Solve the simultaneous equations involving x, y, and their squares

[chwala]

Homework Statement

See attached

Relevant Equations

simultaneous equations

In my approach,

$y=6-x$

$x^2(6-x)^2+2x(6-x)-35=0$

...

$x^4-12x^3+34x^2+12x-35=0$

using factor theorem, i noted that $f(1)=0$ therefore $(x-1)$ is a factor.

on long division we also have other factors:$(x+1), (x-5)$ and $(x-7)$ from these we can find $y$ values by using $y=6-x$. This may be the only approach ....quite easy this one.

 

[Steve4Physics]

Let $w = xy$, then $x^2y^2 + 2xy - 35 = 0$ becomes $w^2 +2w - 35 = 0$.

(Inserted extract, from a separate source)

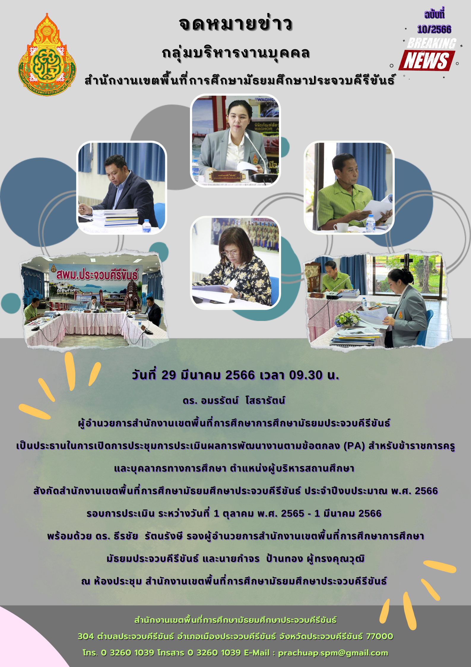 วันที่ 29 มีนาคม 2566 เวลา 09.30 น. ดร. อมรรัตน์ โสธารัตน์ ผู้อำนวยการสำนักงานเขตพื้นที่การศึกษาการศึกษามัธยมประจวบคีรีขันธ์ เป็นประธานในการเปิดการประชุมการประเมินผลการพัฒนางานตามข้อตกลง (PA) สำหรับข้าราชการครูและบุคลากรทางการศึกษา ตำแหน่งผู้บริหารสถานศึกษา สังกัดสำนักงานเขตพื้นที่การศึกษามัธยมศึกษาประจวบคีรีขันธ์ ประจำปีงบประมาณ พ.ศ. 2566 รอบการประเมิน ระหว่างวันที่ 1 ตุลาคม พ.ศ. 2565 - 1 มีนาคม 2566 พร้อมด้วย ดร. ธีรชัย รัตนรังษี รองผู้อำนวยการสำนักงานเขตพื้นที่การศึกษาการศึกษามัธยมประจวบคีรีขันธ์ และนายกำจร ป้านทอง ผู้ทรงคุณวุฒิ ณ ห้องประชุม สำนักงานเขตพื้นที่การศึกษามัธยมศึกษาประจวบคีรีขันธ์

$(w-5)(w+7) = 0$. I.e $xy = 5$ or $xy=-7$. And take it from there.

 

[Mark44]

Similar to @Steve4Physics's approach, but factoring the quadratic in x and y first:
$x^2y^2 + 2xy - 35 = 0 \Rightarrow (xy + 7)(xy - 5) = 0$
$\Rightarrow xy = -7 \text{ or } xy = 5$

Solve $x + y = 6$ for y (or x) and substitute this expression into the equations above.